Now we will see, on screen, an image of the Earth, maybe a white sphere, floating in black space, and maybe we'll see a greenyellow disk on the surface representing Paris. That depends on the time, because our rendering algorithm will figure out where the Moon is relative to longitude and latitude on Earth at that moment ...

So, I asked, in my other essay, "Is this really a better CAD interface?" And here's where I can talk about the idea of disconnects in a more specific way. Because the way everybody is thinking about CAD, the file, where the objects in the model are described, is something quite incidental. It happens to be necessary, but it's kind of a nuisance, and we want to insulate the user from it as much as possible. I don't think that's the right approach. Listen, the image of the model produced on the screen by the rendering algorithm is a manifestation of the model, but the actual model is the file, and the esoteric code in it. We can pretend we're trying to let the user directly manipulate the rendering, but it's just a pretense. Any change needs to be applied to the code in the file. Then the code in the file gets re-rendered to change the rendering. I wrote in the other essay about how we get fooled by what looks obvious. The rendering looks like a model, so we think it's the model. The code in the file doesn't look like a model, so we think it isn't the model. But the code is the model, and the rendering isn't. If we get those things confused, we get in a muddle. We end up with all sorts of limitations and problems. And those problems look insoluble. We think "well, if people aren't smart enough to use the software, that's their problem." We think the problem is how smart the user is, or isn't. And we figure the user isn't smart, or rather that the non-user isn't smart, and thus that that person can't read the code in the file ... which actually isn't true at all. I mean, here's another thing: it's true that only the grittiest coder can find the particular line in a huge mass of code that does a particular thing, but that's actually not because most people are dumb, it's because the software that allows you to read the code is an afterthought. And, sure, there's software for that purpose, but it's technical, and intimidating. I don't think that's because the problem is fundamentally technical and intimidating, I think it's because we, the providers, think it is, or even that it should be. We've made a decision, deliberately or not, to present it that way.

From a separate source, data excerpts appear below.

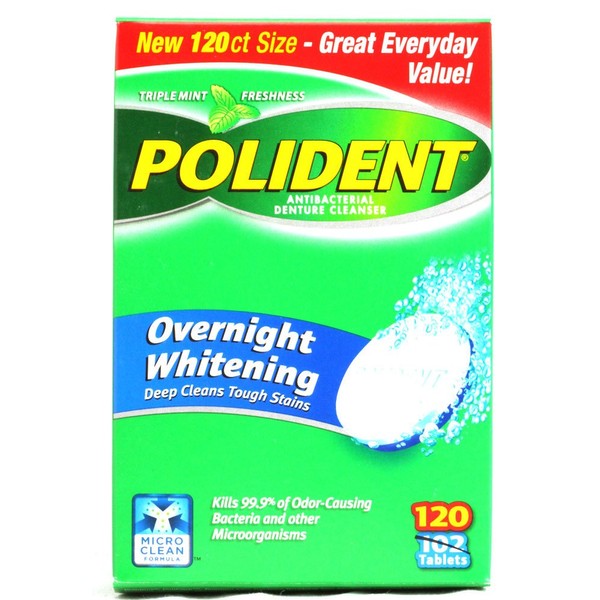 Polident Overnight Whitening, Antibacterial Denture Cleanser, Triple Mint Freshness 120 ea (Pack of 6)
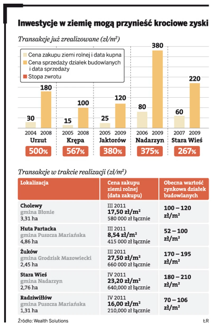 Na największe zyski można liczyć, kupując ziemię niedaleko dużych miast – 20 – 60 kilometrów od ich centrów, w pobliżu tak zwanych miejscowości satelickich – radzą eksperci. – Wokół Warszawy najbardziej atrakcyjne lokalizacje pod inwestycje można znaleźć od strony południowo-zachodniej, w okolicach Żyrardowa, Grodziska Mazowieckiego, Grójca. A od wschodu – Mińska czy Otwocka – mówi Radosław Brodaczewski, analityk z departamentu gruntów ogólnokrajowych Home Broker.
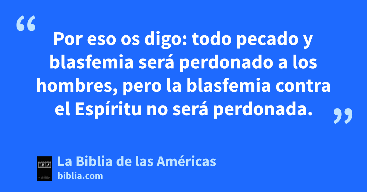 31 aPor eso os digo: todo pecado y blasfemia será perdonado a los hombres, pero la blasfemia contra el Espíritu no será perdonada.
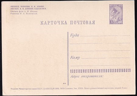 ПК "Ашхабад. Памятник В. И. Ленину". Выпуск 25.02.1966 год
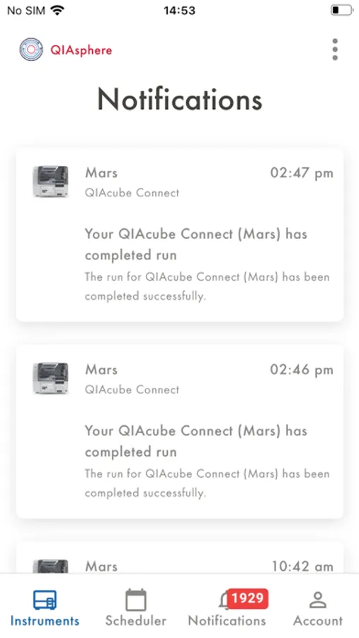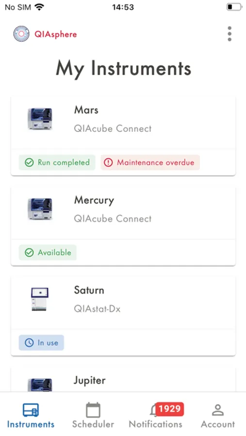 With QIAsphere App, you can monitor your QIAsphere-ready instruments remotely, in real-time:
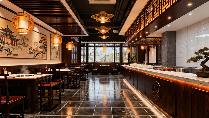 整體空間呈現(xiàn)出對稱的結(jié)構(gòu),桌椅整齊排列,給人以規(guī)整、有序的感覺。這種布局方式不僅符合中式傳統(tǒng)美學(xué),還能提高空間利用率,方便顧客就座和服務(wù)員服務(wù)。
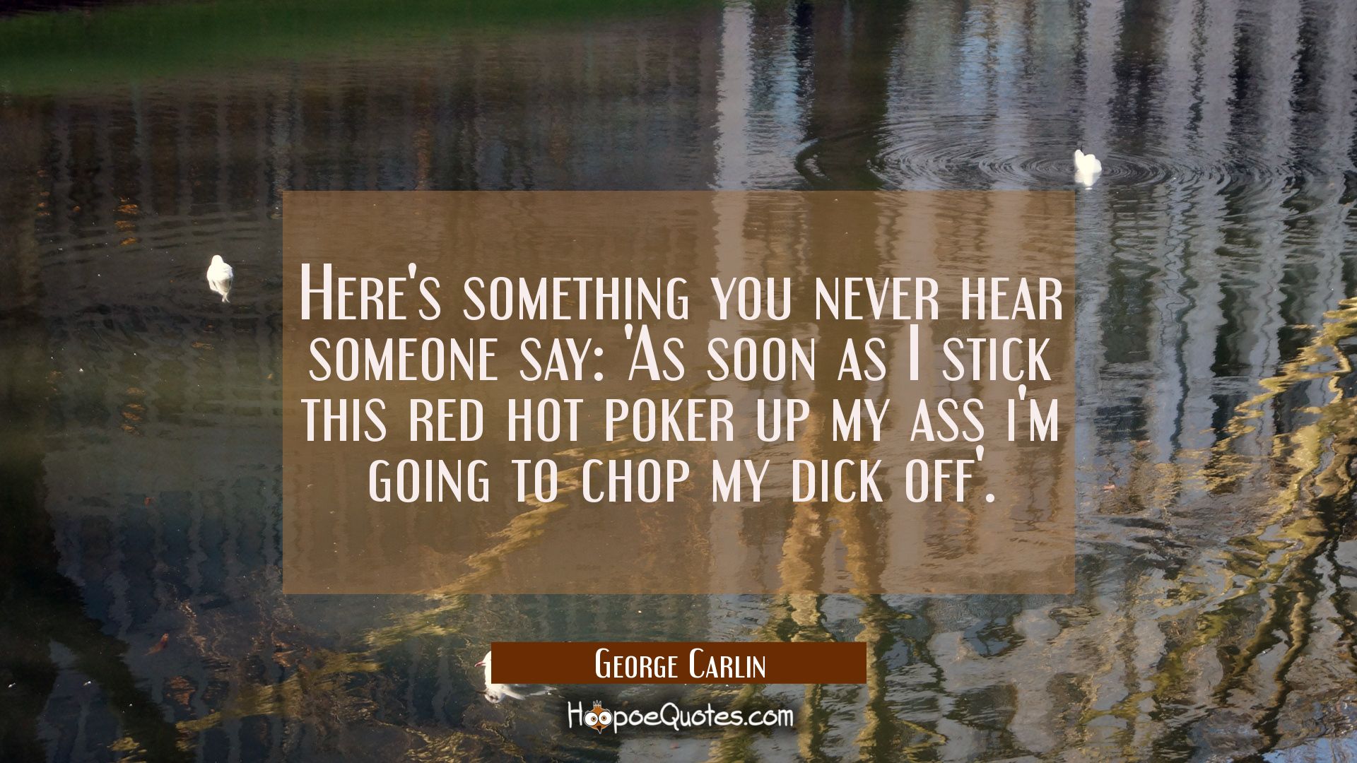Here's something you never hear someone say: 'As soon as I stick this red hot poker up my ass i'm going to chop my dick off'.

The camera, by the way, is part of the model. It's a construct of points and point relationships, a surface, onto which the pixels it represents are mapped. Lines through their centers intersect other surfaces in the model, and the pixels derive their colors from the nature of those surfaces, and the nature of those intersections.

There are many such issues to discuss. It clearly makes no sense to wade in further, here, but perhaps I have illustrated my point, the one about disconnection, and reconnection. I wonder.